Cependant le comte Tolstoï se contredit lui-même dans son livre, car après avoir énoncé que la vraie doctrine du Christ est franchement antisociale et que les vrais chrétiens doivent se retirer de la vie sociale et politique, il remarque que peut-être il y eut un temps où le gouvernement était même salutaire, mais qu’à présent son rôle est fini ; il compare l’humanité au contenu d’un œuf et la coquille à la forme gouvernementale, et il nous déclare que le moment est venu de faire comme le poulet, c’est-à-dire de rompre la coquille gênante et de se libérer de toutes les entraves des formes gouvernementales et sociales.

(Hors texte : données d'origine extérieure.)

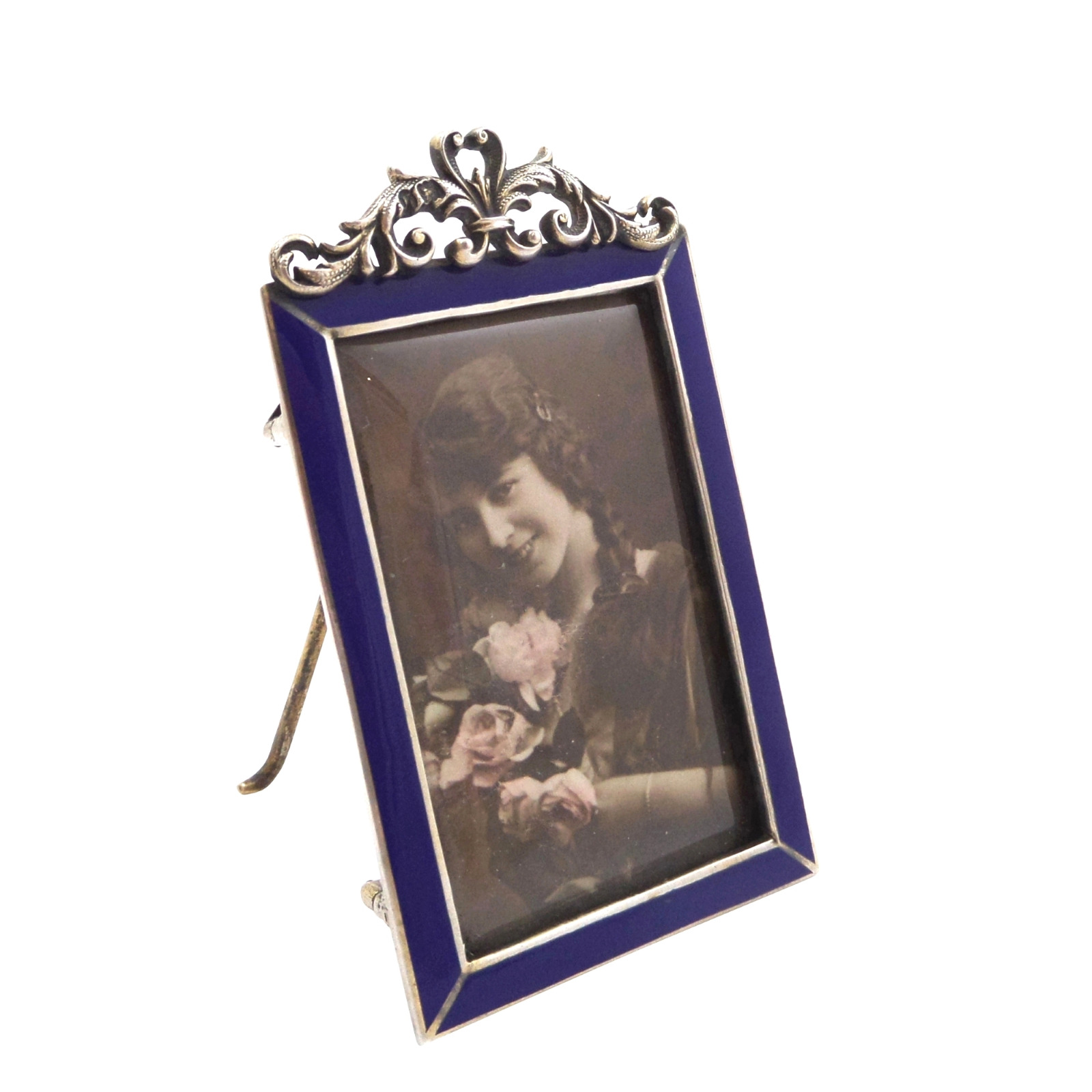Antique Victorian Sterling Silver & Blue Enamel Photo Frame 1896

Mais il oublie que le poulet, en cassant sa coquille, ne reste pas sur ses deux petites jambes seules, mais qu’au contraire il est surveillé, observé et défendu par la gendarmerie active des mères poules. Eh bien ! si l’humanité d’aujourd’hui va obéir à Tolstoï et casser sa coquille gouvernementale, où prendra-t-il la gendarmerie nécessaire pour protéger les faibles contre les forts, les poules contre les vautours, les pigeons contre les aigles, etc. ? Il ne faut pas oublier que l’œuf gouvernemental contient un matériel très disparate dont les éléments sont capables de se manger, de se dévorer mutuellement.

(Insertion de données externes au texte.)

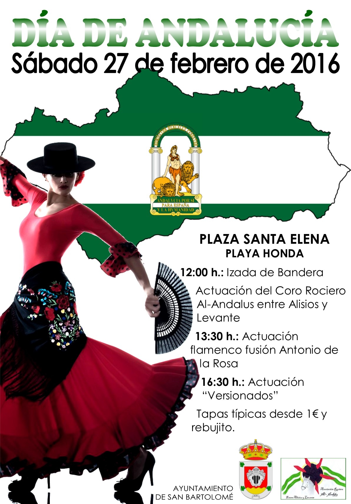 Playa Honda, el sábado, 27 de febrero, contará con motivo de la celebración del Día de Andalucía, con el izado de bandera para conmemorar simbólicamente dicha festividad, a las 12.00 horas en la Plaza Santa Elena. Mientras se esté alzando la bandera sonará el himno de Andalucía, y posteriormente los asistentes disfrutarán con la tradicional salve rociera y algunas sevillanas de la mano del Coro Rociero Al-Andalus entre Alisios y Levante.

En s’élevant contre les gouvernements, contre le tsar, les empereurs, les rois, les présidents de république, contre toute la hiérarchie contemporaine du pouvoir, contre tous les dignitaires des Églises et des États, le comte Tolstoï se donne beaucoup de peine pour nous démontrer que tous ces personnages plus ou moins haut placés ne sont que des hommes, de simples mortels comme tout le monde. Cette vérité est tellement répandue aujourd’hui qu’il semble singulier d’en parler, et le comte Tolstoï le sait très bien ; mais s’il soulève cette question plusieurs fois dans son livre, c’est dans un but déterminé ; c’est pour avoir toujours de nouvelles occasions de railler certains symboles, certaines dignités. Ainsi, par exemple, il nous dit que des hommes sains d’esprit deviennent fiers, arrogants et tout heureux, quand on leur accroche « une clef sur le derrière » ou un cordon bleu sur la poitrine ; il dit que les souverains peuvent se faire oindre par le prêtre ou le pope, se donner tous les noms possibles, établir les fondements de nouveaux États, ordonner l’exécution en masse des anarchistes ou des révolutionnaires, mais que tout cela ne changera en rien leur nature mortelle.